Yes and no about the storage space. It does seem larger than it needs to be, but I think it's great. It woudl be nice not to have to deal with containers or bags holding to hold the icky litter scooper (and i am pretty good about cleaning it too, but it's still a nasty thing to have around). That's one thing I've always hated was finding a good solution to where you place the litter scooper...I have one box that has a small little holder attached to the side, but that thing is a joke it always falls out and the baby scooper that goes inside of it doesn't work well anyway...


----------



## coaster (Dec 1, 2004)

I just hang up the scoop on a hook.


----------



## AddFran (Jul 10, 2004)

coaster said:


> I just hang up the scoop on a hook.


I have been thinking of doing that for the longest time. Where do you leave it though, is it near one of your boxes? Most of mine are in rooms of the house that are frequently used and I don't want to have a poop scoop displayed in a place where visitors could see it.


----------



## Kittys Mom (May 7, 2004)

I bought a rubbermaid scooper with a holder that works really well. You can see it hanging on my big box in the front hall closet in this thread:
http://www.catforum.com/viewtopic.php?t=45281

Here it is on petsmart.com, it's the cat litter caddy and scoop on the lower left of the picture.


----------



## AddFran (Jul 10, 2004)

Thank you.
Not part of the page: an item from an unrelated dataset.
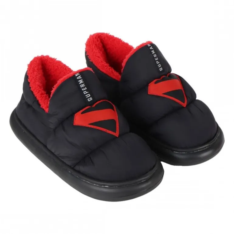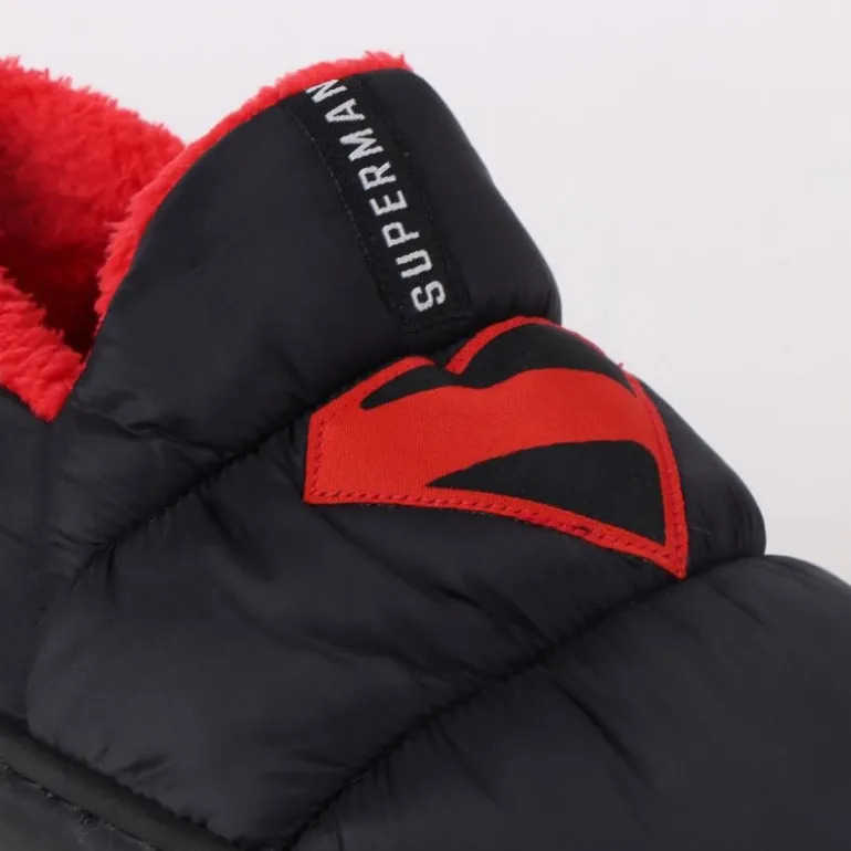 Disfruta del máximo confort en casa con las zapatillas de casa Superman, diseñadas para los verdaderos fans del superhéroe. Estas zapatillas presentan un elegante color negro con un llamativo forro interior rojo que aporta un toque de color y calidez. El icónico logo de Superman adornando la parte superior es el detalle ideal para los seguidores del Hombre de Acero.

What have I been living under a rock? How did I never see this? Great idea! Thanks!


----------



## OctoberinMaine (Sep 12, 2006)

Rookie pees just outside the box every now and then. I think it's just an accident. You know what, compared to the summer where she was peeing on my bed and couch, just outside the box sounds pretty good. I'll give her an A- for effort.


----------



## melysion (Mar 12, 2007)

I tend to just put my scoop on top of the litter tray box (Toby uses a covered litter tray) but I like the idea of a proper holder


----------



## Bethany (Jul 19, 2006)

I just throw my scoops on the floor.


----------



## coaster (Dec 1, 2004)

Julie, my boxes are all in closets, so the scoop can't be seen unless one looks right in the closet.


----------



## AddFran (Jul 10, 2004)

Must be nice to have closets...I have more boxes than I do closets in this whole shoebox of a house.


----------